*Records to use:*
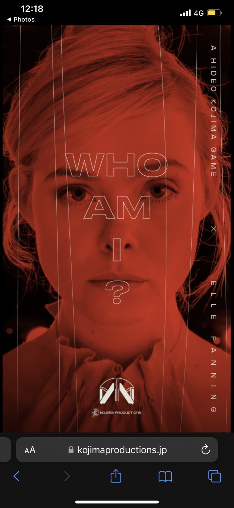 Информатор Лэнс Макдональд на мероприятии PAX Australia обнаружил вывеску с QR-кодом с вопросом «Где я?». После его сканирования открывается сайт Kojima Productions, на котором изображена женщина. И это Эль Фаннинг.
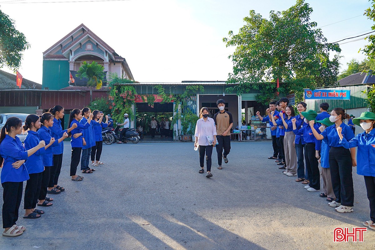 Ngày thi thứ 2 Kỳ thi tốt nghiệp THPT 2024 ở Hà Tĩnh, các biện pháp đảm bảo an ninh trật tự, an toàn trường thi vẫn tiếp tục được duy trì, siết chặt tại 35 điểm thi. Sự quan tâm, đồng hành của các bậc phụ huynh, các lực lượng tình nguyện… luôn là động lực tiếp sức cho các sĩ tử hoàn thành tốt kỳ thi. Trong ảnh: Lực lượng tình nguyện khích lệ tinh thần thí sinh tại điểm thi Trường THPT Lê Quý Đôn (Thạch Hà).
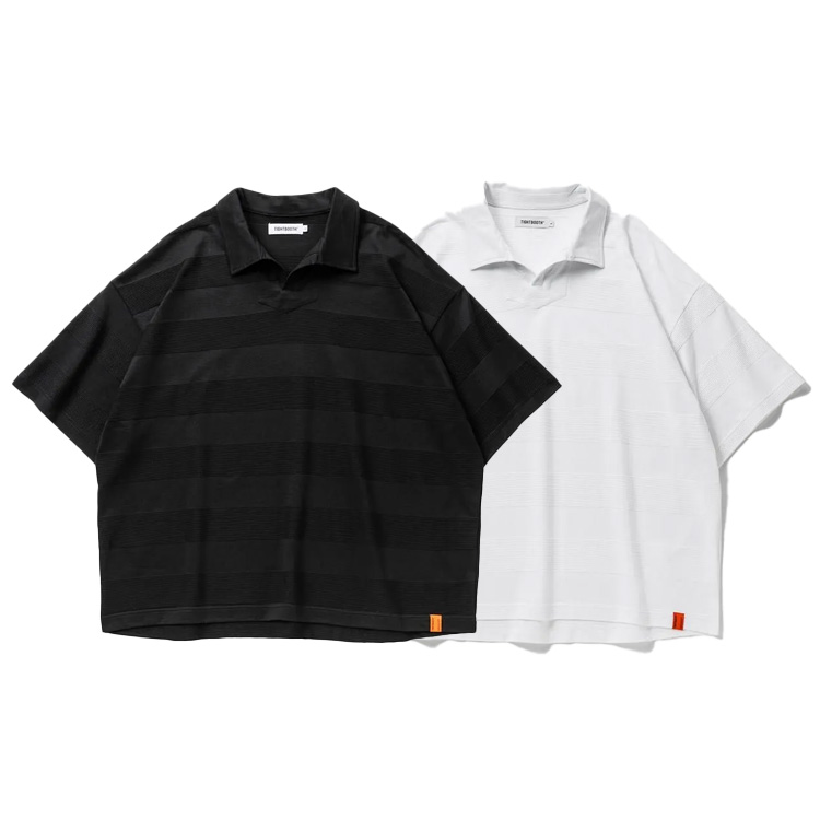 半導体をイメージしたオリジナルグラフィックの開襟シャツと編みでボーダーを表現した生地を使用したポロシャツが登場。
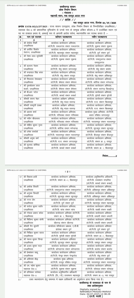 This order has been issued by Deputy Secretary of Public Works Department NP Maravi. The transferred officers have been posted with new responsibilities in various districts of the state.
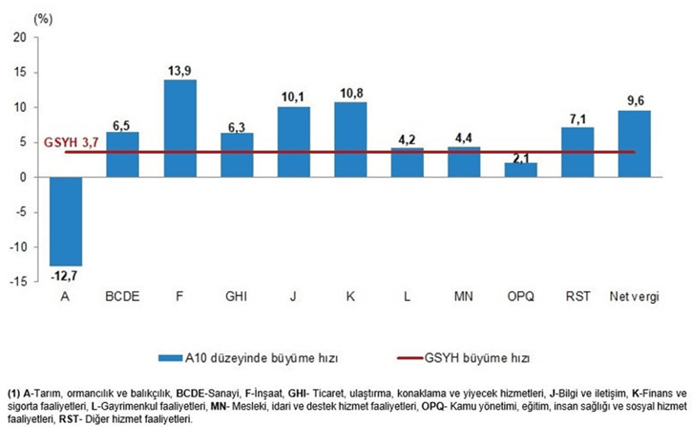 (Temmuz-eylül döneminden oluşan) yılın üçüncü çeyreğine ilişkin gayrisafi yurt içi hasıla (GSYH) sonuçlarını açıklayan Türkiye İstatistik Kurumu (TÜİK) verilerine göre tarım dışındaki tüm sektörler büyüdü, tarım sektörü ise bir önceki yılın aynı çeyreğine göre yüzde 12,7 küçüldü.
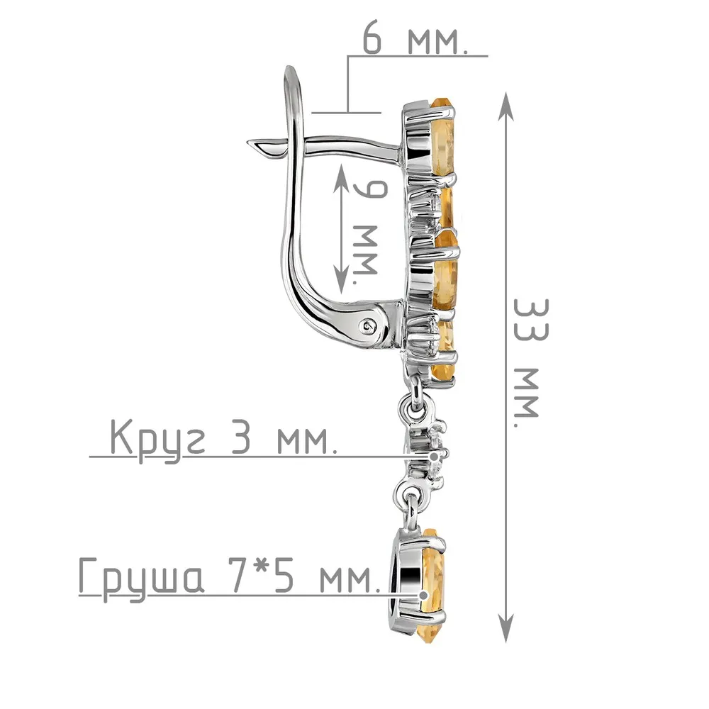 Серебряные серьги с натуральным цитрином - коллекция Росинка / Палладий.

*Exercise:*
Since the pictures are not wanted, transcribe the rest of the listing above exactly.

*Answer to this task:*
 Информатор Лэнс Макдональд на мероприятии PAX Australia обнаружил вывеску с QR-кодом с вопросом «Где я?». После его сканирования открывается сайт Kojima Productions, на котором изображена женщина. И это Эль Фаннинг.
 Ngày thi thứ 2 Kỳ thi tốt nghiệp THPT 2024 ở Hà Tĩnh, các biện pháp đảm bảo an ninh trật tự, an toàn trường thi vẫn tiếp tục được duy trì, siết chặt tại 35 điểm thi. Sự quan tâm, đồng hành của các bậc phụ huynh, các lực lượng tình nguyện… luôn là động lực tiếp sức cho các sĩ tử hoàn thành tốt kỳ thi. Trong ảnh: Lực lượng tình nguyện khích lệ tinh thần thí sinh tại điểm thi Trường THPT Lê Quý Đôn (Thạch Hà).
 半導体をイメージしたオリジナルグラフィックの開襟シャツと編みでボーダーを表現した生地を使用したポロシャツが登場。
 This order has been issued by Deputy Secretary of Public Works Department NP Maravi. The transferred officers have been posted with new responsibilities in various districts of the state.
 (Temmuz-eylül döneminden oluşan) yılın üçüncü çeyreğine ilişkin gayrisafi yurt içi hasıla (GSYH) sonuçlarını açıklayan Türkiye İstatistik Kurumu (TÜİK) verilerine göre tarım dışındaki tüm sektörler büyüdü, tarım sektörü ise bir önceki yılın aynı çeyreğine göre yüzde 12,7 küçüldü.
 Серебряные серьги с натуральным цитрином - коллекция Росинка / Палладий.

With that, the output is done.